Tim Hortons announces Spain expansion amidst falling sales
Sales have fallen for the second-consecutive quarter, but Restaurant Brands International is still holding out hope for the international market
Tim Hortons is putting its faith in the international quick-service market as its Canadian sales continue to drop.
The franchise’s parent company Restaurant Brands International (RBI) announced in August it would be expanding into Spain via a joint-venture deal. The announcement was preceded by the brand’s 2017 second-quarter sales results. The report revealed a 0.8 per cent decrease in year-over-year sales, falling for a second consecutive quarter.
RBI has not disclosed its partner in the Spain deal.

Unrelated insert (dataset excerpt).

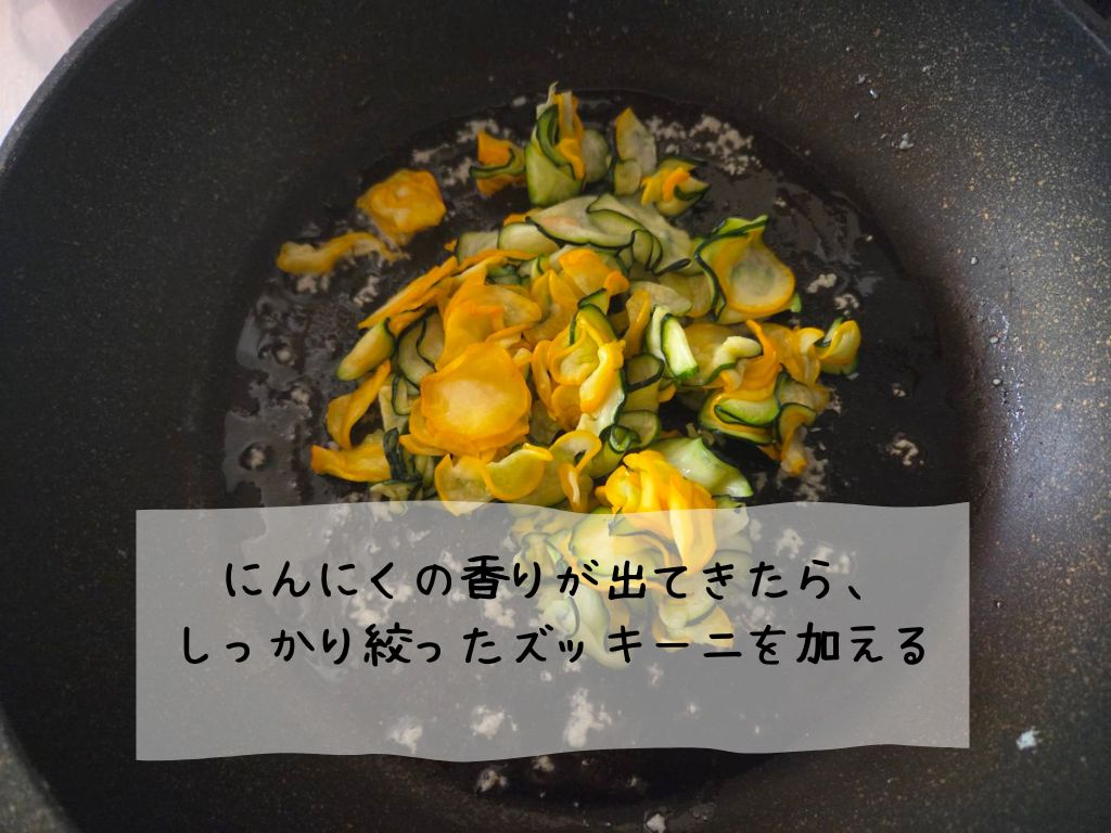 コリコリとしたズッキーニの食感が楽しい一品です!

"Our partner has the right combination of market expertise and QSR experience to help drive growth for the Tim Hortons brand in the Spanish market," said Lucas Muniz, regional president of Tim Hortons, International. "Spain is an attractive growth market that is well suited to the unique offerings available at Tim Hortons including our high-quality coffee and fresh food at great value."
Tim Hortons has already announced plans to expand international in Mexico, Britain and the Philippines.
RBI also owns quick-service brands Popeyes and Burger King. The company’s total revenues totaled $1.13 billion, up from 1.04 billion a year ago, thanks in large part to RBI’s $1.8-billion acquisition of Popeye’s earlier this year.